Leonardo Jaramillo (active 1619–1643) was the most important Spanish master during this time of transition. He was born in Seville and was a minor cleric. Belonging to the generation of Juan de Uceda and Alonso Vázquez, his artistic training in the Andalusian capital must have taken place in the group of humanists centred on the painter and theorist Francisco Pacheco. Moving to Peru around 1619 Jaramillo began working in the northern towns of Trujillo y Cajamarca. He was in the latter when he made out the papers for the apprenticeships of Tomás Ortiz de Olivares and Juan de Sotomayor. The following year he would travel with them and settle for good in the capital.
It was in 1636 when Jaramillo put his name to the great oil painting La imposición de la casulla a San Ildefonso (Lima, Convento de los Descalzos) which showed the suitability of his style to the Italianate tastes which still prevailed in the city, although it already shows a chiaroscuro treatment in the figure of the saint. A similar stylistic harmony can be seen in the section of the mural painting which was assigned to Jaramillo inside the Franciscan cloister, dated around 1640. Some of the scenes of the life of Saint Francis of Assisi, though quite deteriorated now, allow us to see surprising representations of contemporary characters: friars, aristocrats and peasants, all of whom confirm the emerging realistic tendency in Jaramillo’s mature work.
At the same time in Cusco painters such as Gregorio Gamarra, Francisco Padilla and Luis de Riaño represented the most provincial and old-fashioned Italianate style. The case of Gamarra is of particular interest. He was an artist from Alto Peru who had trained and worked in Potosi before coming to the Cusco region. He was there in 1607 when he signed the painting Aparición de San Francisco al Papa Nicolás V in the Franciscan collection. Meanwhile the Creole Reaño played his part in flowering of mural paintings designed to decorate the Indian settlements created by Viceroy Francisco de Toledo from 1672 onwards. Among his colleagues there was an already well-known indigenous painter Diego Cusi Huamán who had been active in Urcos and Chinchero since the beginning of the century.
In contrast to the relative isolation of the artists in Cusco, Lima was in constant contact with the latest metropolitan trends through the growing importation of oil paintings from the peninsula. One of the first important shipments was the Sevillian series of the life of Saint Dominic by Miguel Guelles and Domingo Carro (1608) which was intended for the main cloister of the Dominican convent in Lima. Later new styles would break through thanks to the thriving transatlantic commerce in art. Spanish Baroque would reach its peak through the great monastic series of Francisco Zurburán.

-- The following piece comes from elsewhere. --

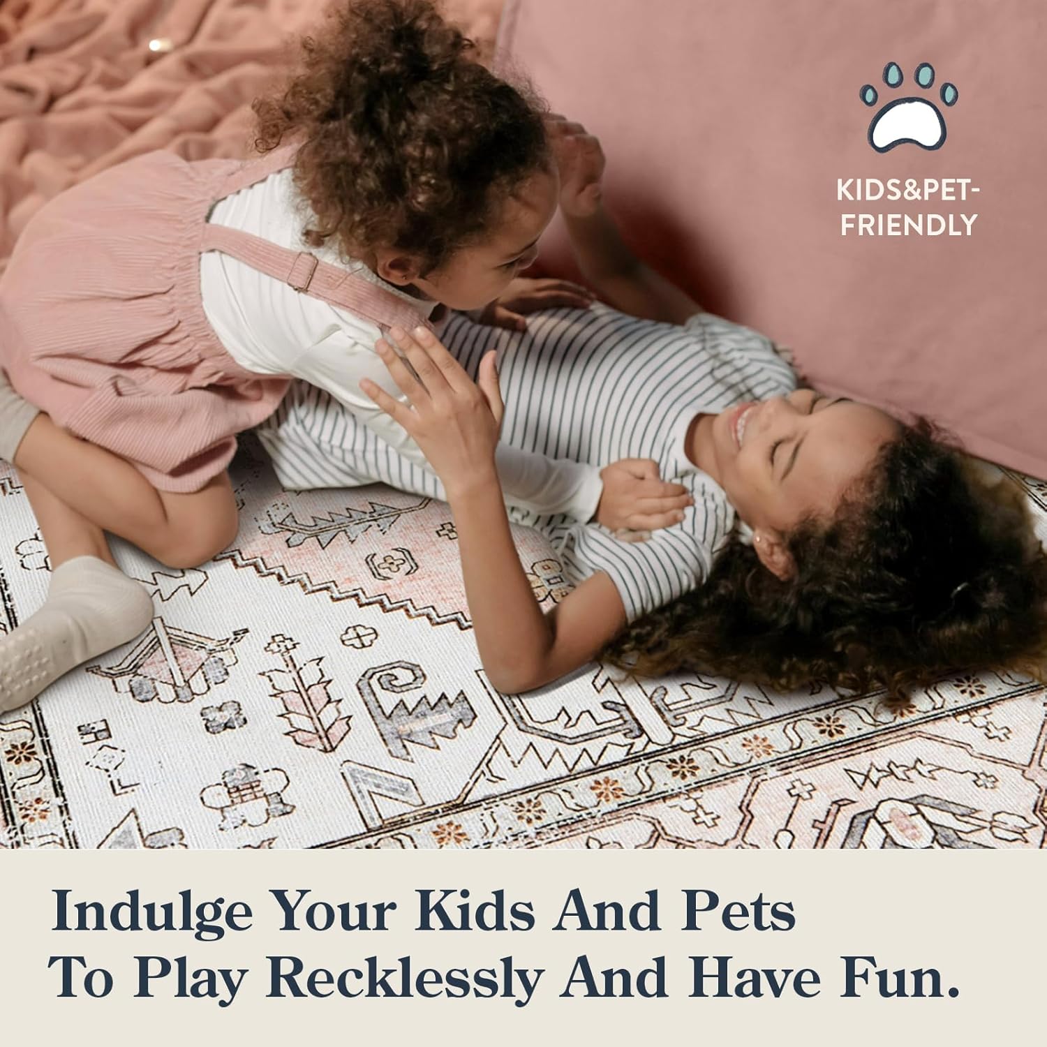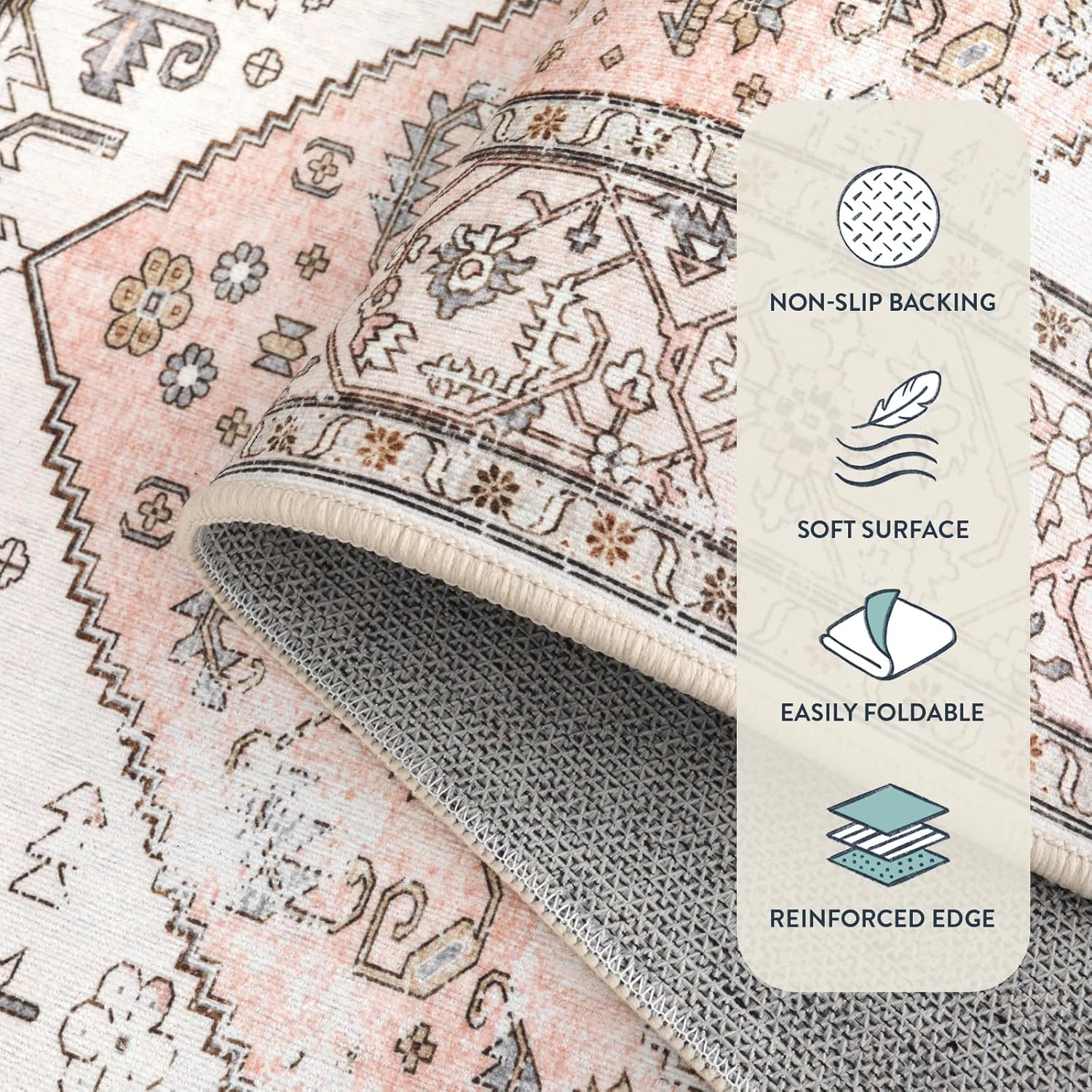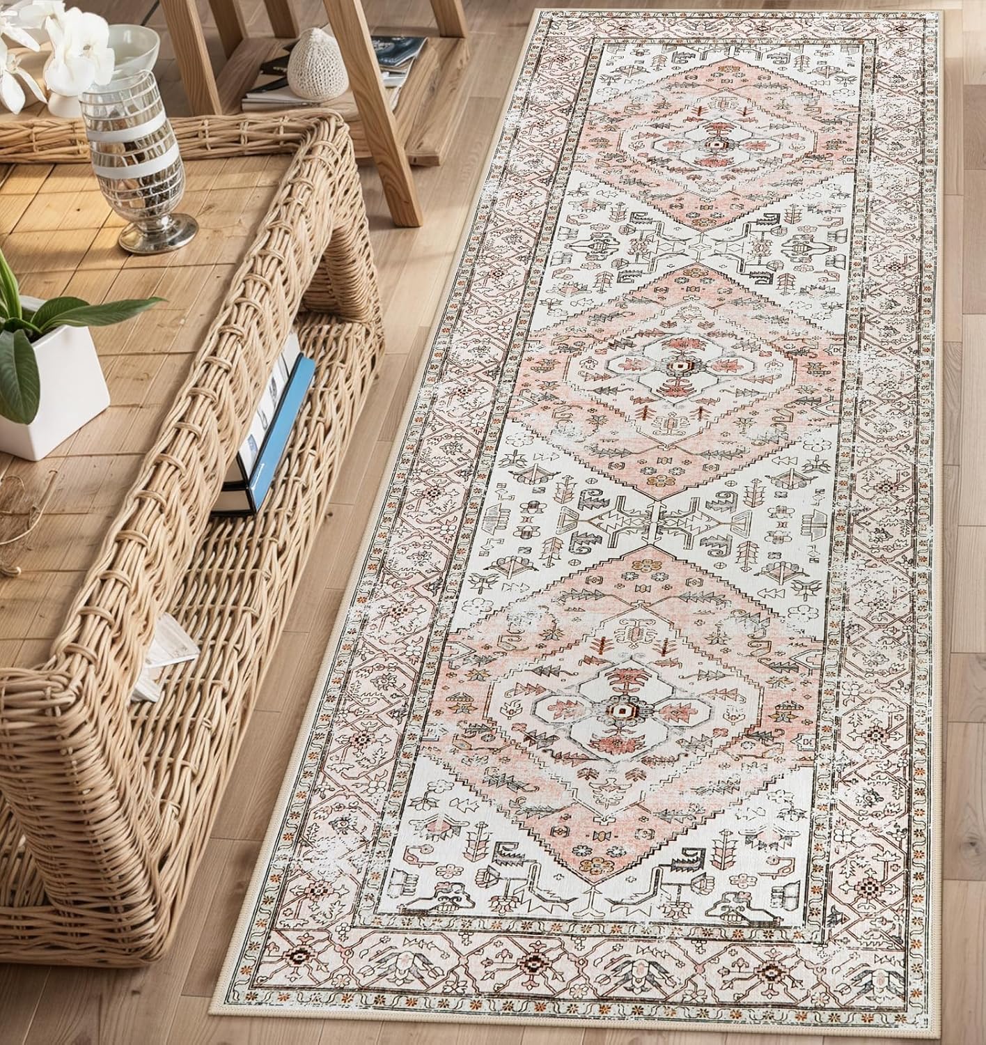 Lahome Boho Washable Non-Slip Pink Rug - Ultra-Thin Non-Shedding Bedroom Bathroom Carpet Runner for Hallway Entryway (Pink, 2'x6')

Between 1637 and 1647 we can find reference to several paintings in the style of Zurburán being sent out to the viceroyalty of Peru in response to the enormous success this style had had in the Andalusian capital.
THE RISE OF THE VICEROYALTY SCHOOLS
Several generations of painters, mostly Creoles who had been trained in local workshops, were working in the country’s principal cities by mid-century. Proof of this is the concerted effort that the craftsmen of Lima made in 1649 to form a guild. At that time they numbered thirty-two masters of painting, polychrome and guilding and they named Bartolomé Luys, Francisco Serrano and Juan de Arce as their representatives. Their immediate concern was to defend themselves from the competition which had arisen from workshops which were concerned with purely commercial goals—including some which were controlled by clerical entrepreneurs—and where the artist’s profession was exercised in an informal manner. In exactly the same way as the Seville guilds, the painters in Lima had proposed that the workshops be controlled by a series of by-laws such as those which were in operation in Seville.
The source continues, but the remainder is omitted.